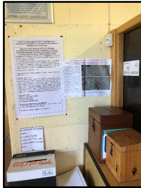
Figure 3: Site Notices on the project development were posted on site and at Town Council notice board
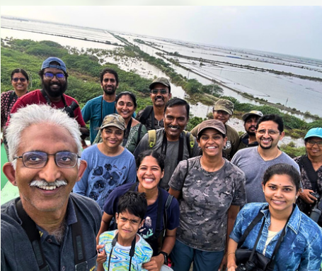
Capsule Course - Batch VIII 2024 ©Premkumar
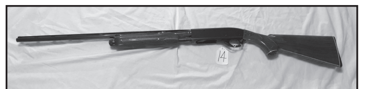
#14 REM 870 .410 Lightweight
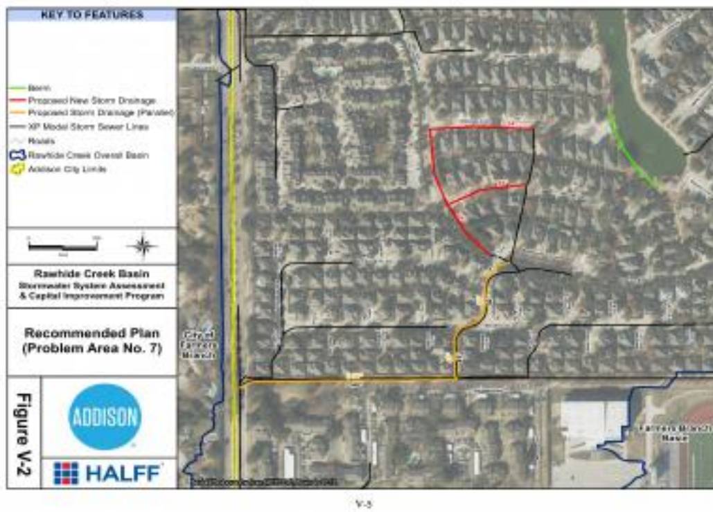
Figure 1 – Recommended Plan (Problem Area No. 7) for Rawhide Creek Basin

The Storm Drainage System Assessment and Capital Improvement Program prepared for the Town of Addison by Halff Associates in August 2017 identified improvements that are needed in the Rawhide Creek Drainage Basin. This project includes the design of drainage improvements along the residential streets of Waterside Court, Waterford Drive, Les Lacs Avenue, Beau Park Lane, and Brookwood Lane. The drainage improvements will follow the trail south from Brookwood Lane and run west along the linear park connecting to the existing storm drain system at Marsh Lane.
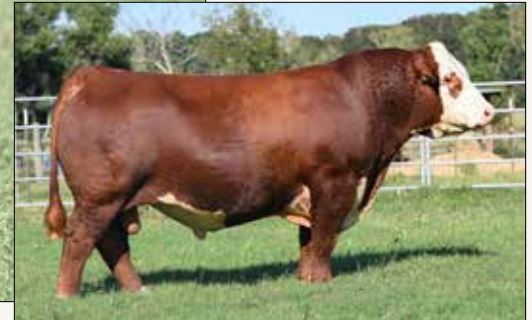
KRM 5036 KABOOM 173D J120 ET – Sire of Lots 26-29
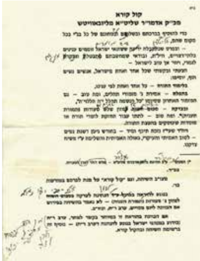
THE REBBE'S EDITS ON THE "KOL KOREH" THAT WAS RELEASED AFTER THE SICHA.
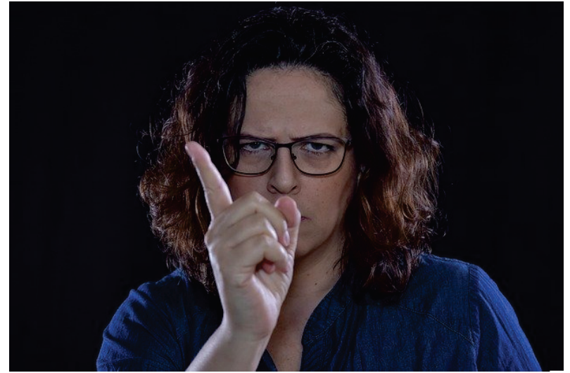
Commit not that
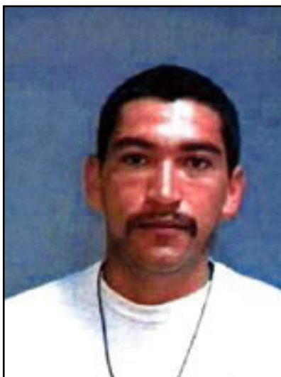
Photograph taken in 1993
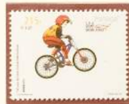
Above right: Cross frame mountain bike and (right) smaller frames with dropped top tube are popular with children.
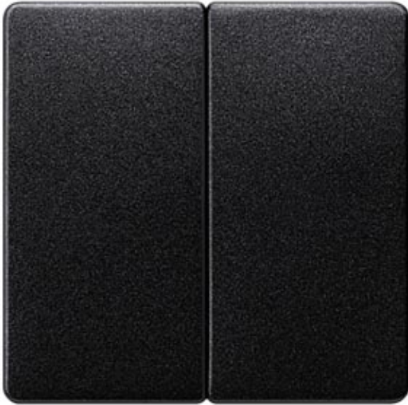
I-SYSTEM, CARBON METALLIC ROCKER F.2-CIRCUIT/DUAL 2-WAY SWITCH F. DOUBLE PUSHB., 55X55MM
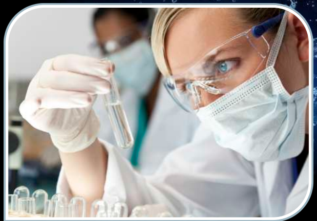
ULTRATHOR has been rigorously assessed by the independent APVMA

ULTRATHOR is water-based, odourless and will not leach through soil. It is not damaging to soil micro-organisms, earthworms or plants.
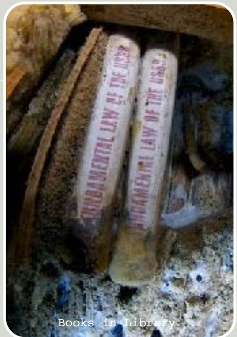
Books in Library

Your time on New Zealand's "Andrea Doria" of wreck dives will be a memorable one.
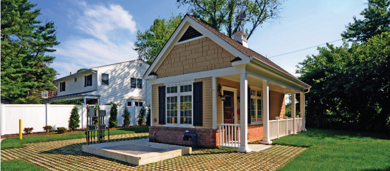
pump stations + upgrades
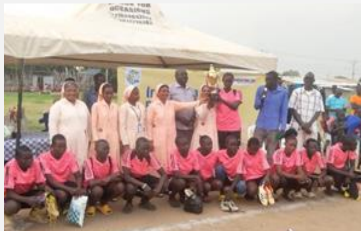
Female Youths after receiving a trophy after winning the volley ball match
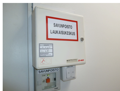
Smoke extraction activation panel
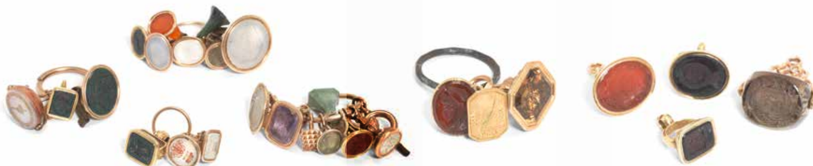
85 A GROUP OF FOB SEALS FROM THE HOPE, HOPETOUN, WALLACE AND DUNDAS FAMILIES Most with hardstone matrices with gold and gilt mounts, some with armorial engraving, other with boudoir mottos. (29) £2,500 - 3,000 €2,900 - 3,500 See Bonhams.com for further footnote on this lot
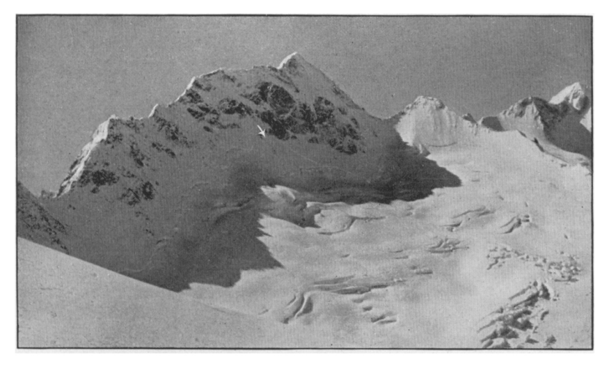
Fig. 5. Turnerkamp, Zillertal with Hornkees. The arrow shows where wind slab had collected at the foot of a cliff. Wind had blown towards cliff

########

▶ [Your objective] Only exact lines belong in the answer: those from the beginning of the entries above through the line holding "The Storm Drainage", with no pictures.

▶ [Exercise output]
Figure 3: Site Notices on the project development were posted on site and at Town Council notice board
Capsule Course - Batch VIII 2024 ©Premkumar
#14 REM 870 .410 Lightweight
Figure 1 – Recommended Plan (Problem Area No. 7) for Rawhide Creek Basin

The Storm Drainage System Assessment and Capital Improvement Program prepared for the Town of Addison by Halff Associates in August 2017 identified improvements that are needed in the Rawhide Creek Drainage Basin. This project includes the design of drainage improvements along the residential streets of Waterside Court, Waterford Drive, Les Lacs Avenue, Beau Park Lane, and Brookwood Lane. The drainage improvements will follow the trail south from Brookwood Lane and run west along the linear park connecting to the existing storm drain system at Marsh Lane.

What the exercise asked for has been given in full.